── DATA RECORDS

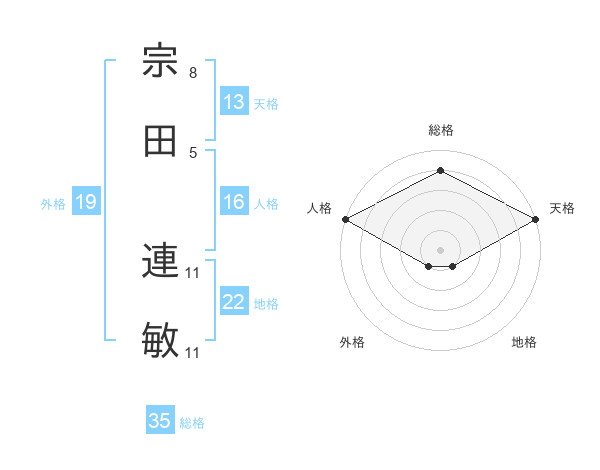 宗田 連敏さんの天格は13画の5点!
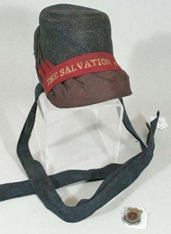 A Salvation Army bonnet, circa 1930, black straw with red silk ribbon "The Salvation Army" in gold. With separate metal shield-shaped pin.
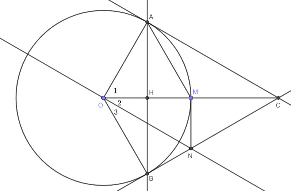 $OM \perp AB$ tại trung điểm $H$ của $AB$
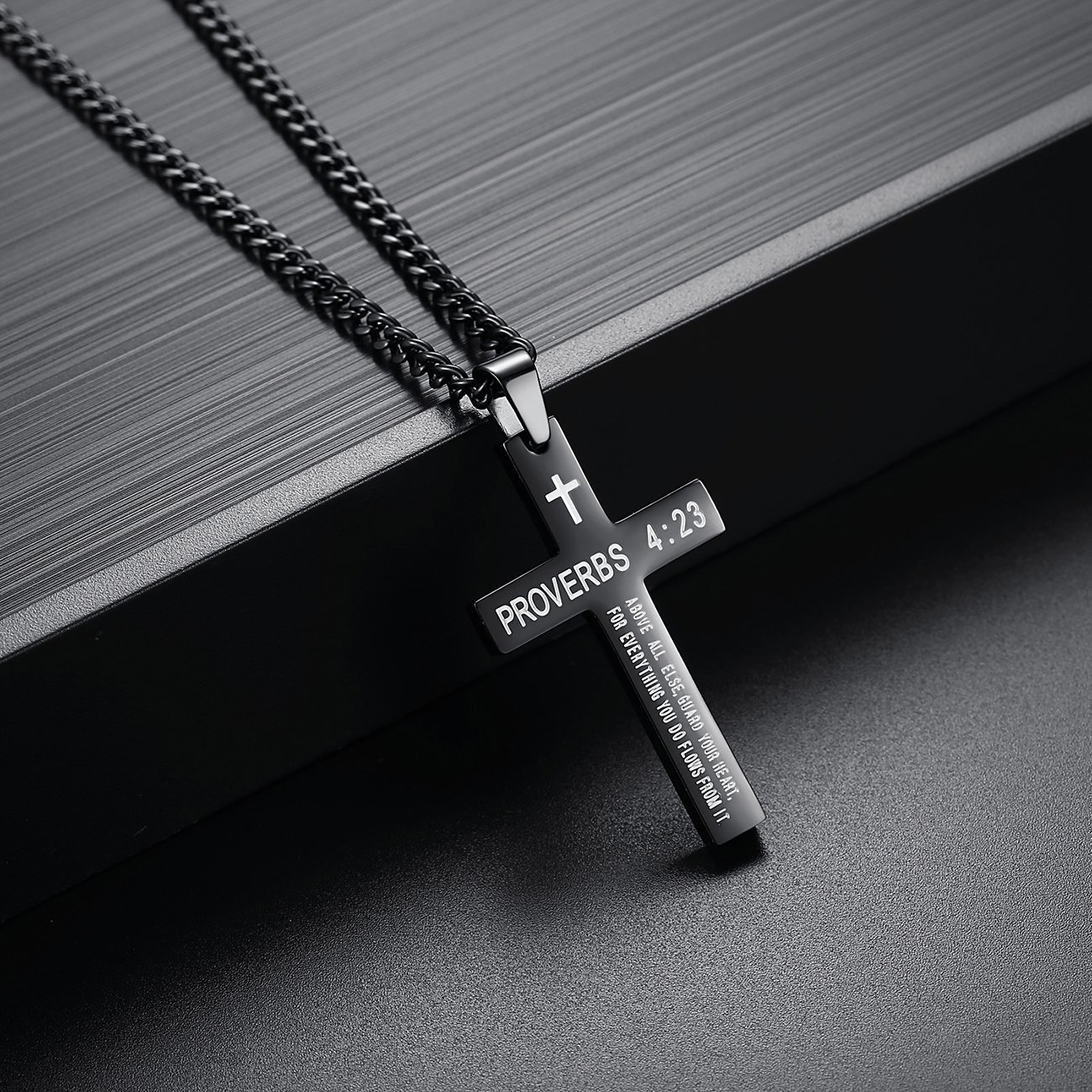 Color: Free engraving - black cross necklace
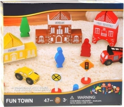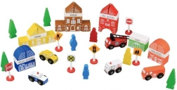 Indeholder klodser til at bygge en hel landsby, herunder brandstation, skole og bank.
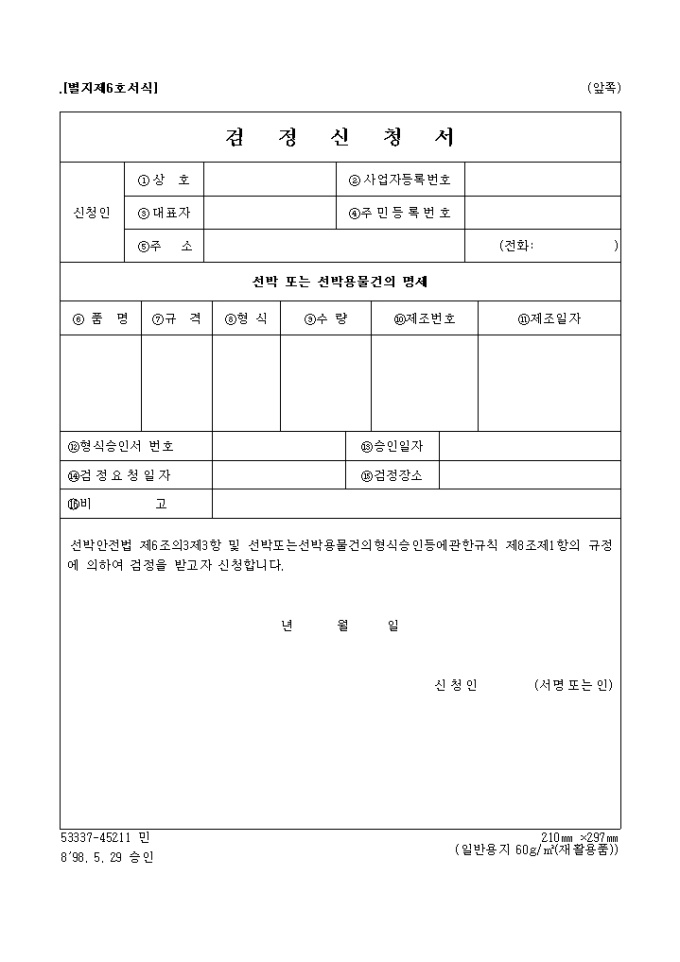 선박 및 선박용물건의검정신청서

────

■ **TASK TO COMPLETE**
Word for word, copy out each record; do not include pictures.

■ **TASK RESPONSE**
 宗田 連敏さんの天格は13画の5点!
 A Salvation Army bonnet, circa 1930, black straw with red silk ribbon "The Salvation Army" in gold. With separate metal shield-shaped pin.
 $OM \perp AB$ tại trung điểm $H$ của $AB$
 Color: Free engraving - black cross necklace
 Indeholder klodser til at bygge en hel landsby, herunder brandstation, skole og bank.
 선박 및 선박용물건의검정신청서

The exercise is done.